But here's where things get even worse: instead of disbanding these militias after the genocide, the regime made them official. In 2013-2014, al-Bashir transformed the Janjaweed into the Rapid Support Forces (RSF), a paramilitary organization separate from the regular army but directly answering to the president. The RSF was led by Mohamed Hamdan Dagalo,known as Hemedti, and they kept using the same brutal tactics. Human Rights Watch documented war crimes by the RSF almost immediately after it was created.
Dr. Jihad Mashamoun, interviewed for this article explained, "Figures from the former regime were deliberately integrated into both the Sudanese Armed Forces and the Rapid Support Forces, embedding old power networks within state institutions, which has made genuine reform nearly impossible." In other words, the same people who committed genocide were now part of the official state structure. This made real change almost impossible.
After al-Bashir was overthrown in 2019, many hoped for justice and accountability. Those hopes quickly faded. The SAF and RSF joined forces to protect their own interests during the transition period. On June 3, 2019, RSF forces attacked peaceful protesters who were staging a sit-in in Khartoum. They killed more than 100 demonstrators and threw bodies into the Nile River. Despite this horrific crime, the RSF was still brought into the transitional government
without facing any consequences.
The alliance between the SAF and RSF was never going to last. They began fighting over who would control the state, who would control Sudan's resources, and whether the RSF would be absorbed into the regular army. In April 2023, these tensions exploded into full-scale war.

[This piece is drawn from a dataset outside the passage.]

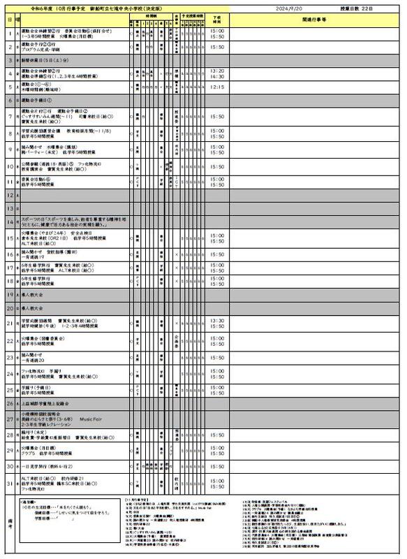 なお、予定表ですので、各学級通信で最終確認されて下さい。

How We Got Here: From Revolution to Collapse
The 2019 Revolution: A Brief Moment of Hope

In December 2018, Sudanese people took to the streets to protest rising food prices. What started as demonstrations about bread quickly became something much bigger. On January 1, 2019, hundreds of civic organizations came together to form the Forces of Freedom and Change (FFC), coordinating peaceful resistance against Omar al-Bashir's regime.
It's important to understand that while the revolution brought many people together, the civilian movement wasn't united. As Dr. Mashamoun pointed out, "Civilian movements were not monolithic; internal splits within political parties and infiltration by political actors weakened grassroots independence and undermined a unified civilian front." These divisions would later
make it harder for civilians to resist military control.
Omar al-Bashir had ruled Sudan with an iron fist for thirty years. The International Criminal Court had issued a warrant for his arrest for genocide, crimes against humanity, and war crimes committed during the Darfur conflict (2003-2008), when an estimated 200,000 to 400,000 civilians were killed.
On April 11, 2019, al-Bashir was forced out of power. A transitional government was set up, combining civilian and military leadership, with economist Abdalla Hamdok at the helm. The goal was to prepare the country for democratic elections. For a brief moment, it seemed like Sudan might finally have a chance at peace and democracy.

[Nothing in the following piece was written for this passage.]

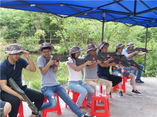 在CS對抗賽中,全副武裝的伙伴們拿著武器,由教練進行戰前指導,如何正確握槍和如何瞄準射擊。萬事俱備后,大家分成兩組進行對抗賽,戰場硝煙四起,兩組成員分別靠著磚墻搭起的防御墻進行躲避和射擊,射中敵人后的歡呼聲此起彼伏。一場真人CS激發出了大家的熱血和團隊凝聚力,連平時看起來文靜的萌妹子都大呼過癮。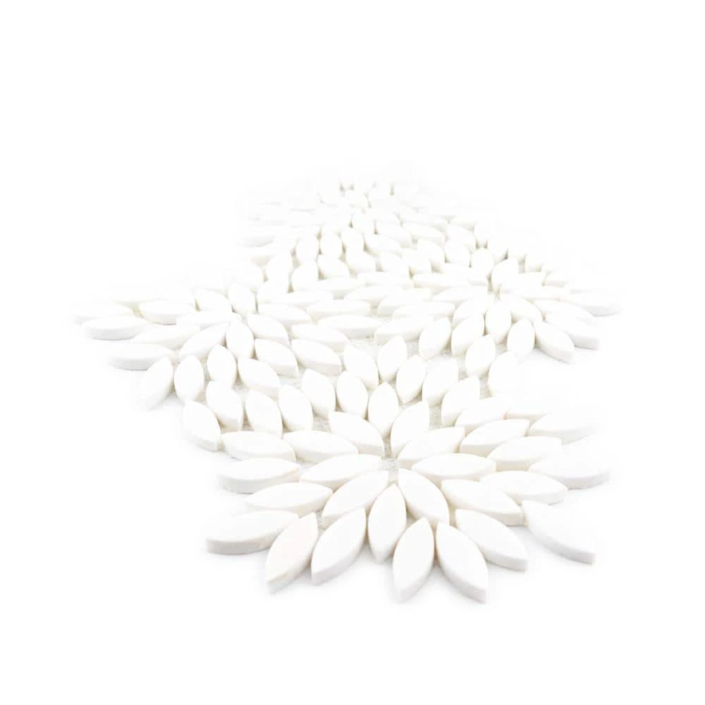 Let your style bloom with our Tea Party White mosaic. This fun mosaic features Thassos marble cut into a petal pattern to create a delicate and fresh look in your home. The natural stone comes in a honed finish and has a slight sparkle that occurs naturally. The Thassos marble features minimal veining for a clean look. Perfect for creating stunning large installations or in combination with other mosaic and field tiles for intricate designs.

The 2021 Coup and the Regional Counterrevolution: Democracy Crushed
On October 25, 2021, General Abdel Fattah al-Burhan, head of the SAF, and General Mohamed Hamdan Dagalo (Hemedti), head of the RSF, jointly planned and carried out a military coup. Together, they dissolved the transitional government, arrested civilian leaders, and effectively ended Sudan's path to democracy. While some civilians and the RSF have since claimed that Burhan acted alone and that Hemedti was deceived, Dr. Mashamoun
doesn't buy that narrative, Hemedti and his RSF were actively planning, coordinating, and executing the coup alongside Burhan and his allies.
The coup didn't happen in isolation. It was facilitated by what we might call a regional counterrevolution, led by the United Arab Emirates, Saudi Arabia, and Egypt. These authoritarian governments see democracy as a threat to their own systems of power . Notably, Burhan travelled secretly to Egypt before the joint coup, and according to Dr. Mashamoun, both Burhan and Hemedti were counting on the UAE and Saudi Arabia to support them in its aftermath. The European Union also bears responsibility: they prioritized migration control agreements with Sudan's military leaders over supporting democracy, essentially reinforcing
the same forces that would later stage the coup.
According to Dr. Mashamoun, the civil war wasn't a sudden break but rather "the culmination of unresolved power asymmetries following the failed transition." In other words, the military leaders had external support and money that protected them from civilian pressure, while civilian groups lacked the unity and power needed to counter the military's strength. The coup created conditions that made large-scale war not just possible, but likely.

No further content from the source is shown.